If an employee misappropriates their current or former employer’s proprietary information, and discloses such information to its new employer and/or any other unauthorized person(s), that is enough to establish a violation under the Virginia Uniform Trade Secrets Act (“VUTSA”) so says the Virginia Supreme Court. There is no requirement under the Act that the employee or new employer actually use the misappropriated information to compete with the former employer.

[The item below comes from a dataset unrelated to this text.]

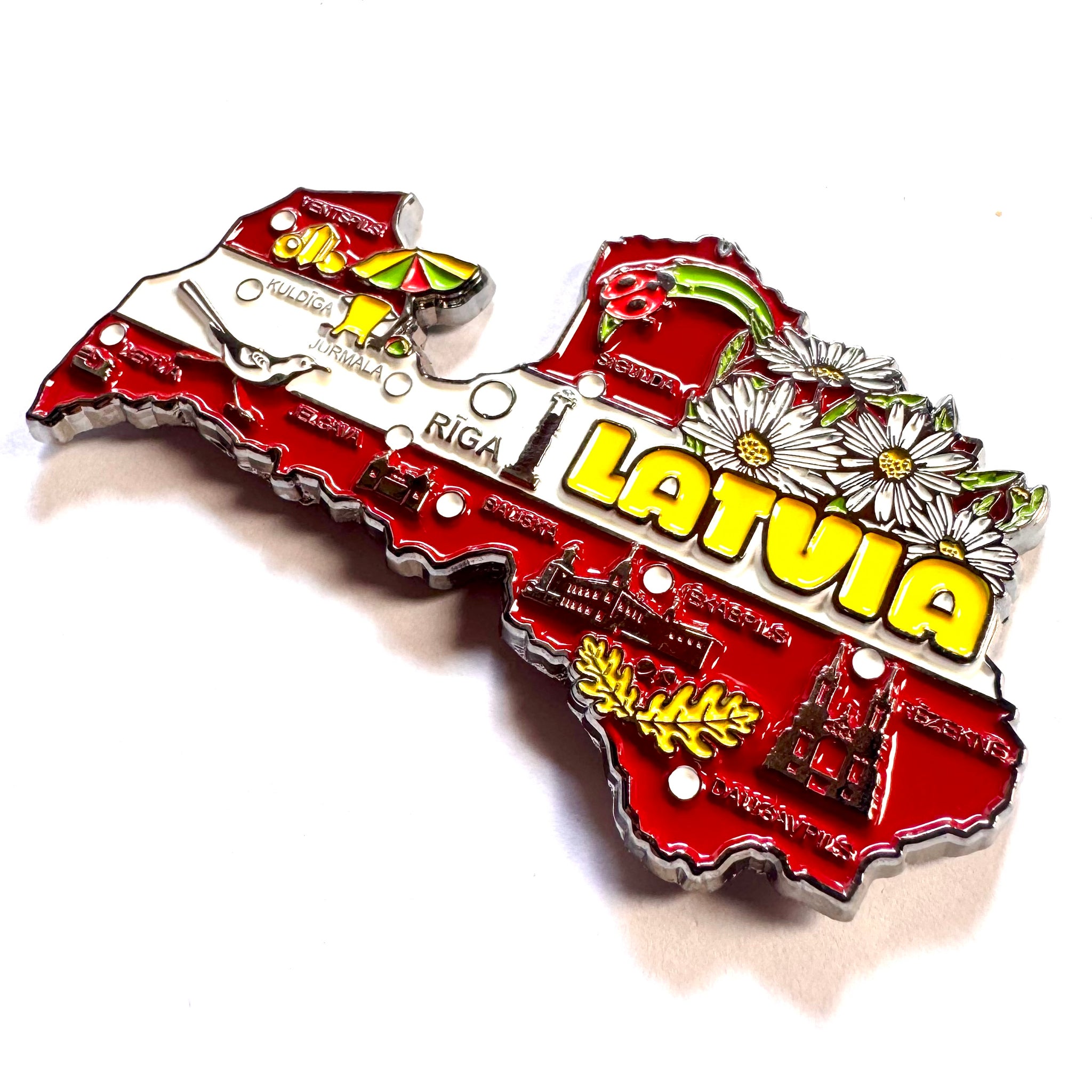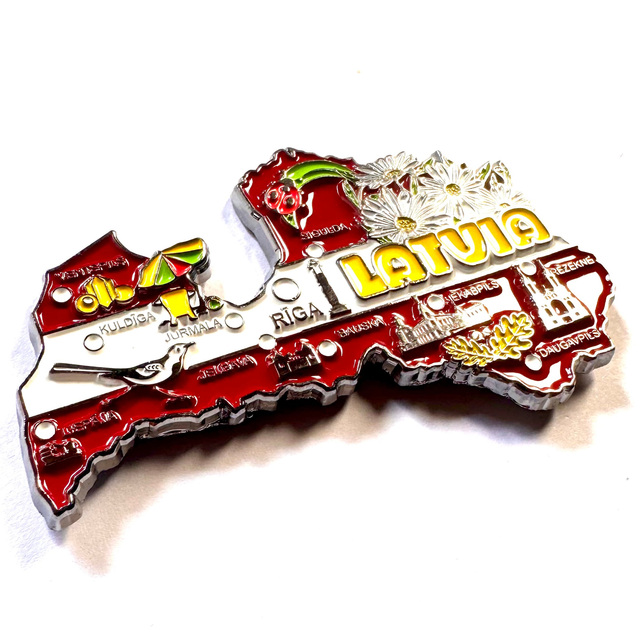 Imã de geladeira da Letônia em metal com mapa, bandeira, cidades e símbolos.

In the case of Geographic Services, Inc. v. Collelo, et al. (2012), the Virginia Supreme Court held that once an employer establishes the existence of a trade secret, all that they are then required to show is that the trade secret was misappropriated as that term is defined under the Trade Secrets Act. The entity from which the trade secret was misappropriated does not have to show that defendants used the trade secret in order to establish a claim under the VUTSA and recover damages. Disclosure of the trade secret is sufficient where it can be shown that the new employer and/or person to whom the trade secret was disclosed knew, or had reason to know, that the trade secret was acquired by improper means. In such cases, where the plaintiff cannot readily prove measurable damages, then the VUTSA provides that the court can impose a reasonable royalty upon the wrongdoers for the unauthorized disclosure of the trade secret.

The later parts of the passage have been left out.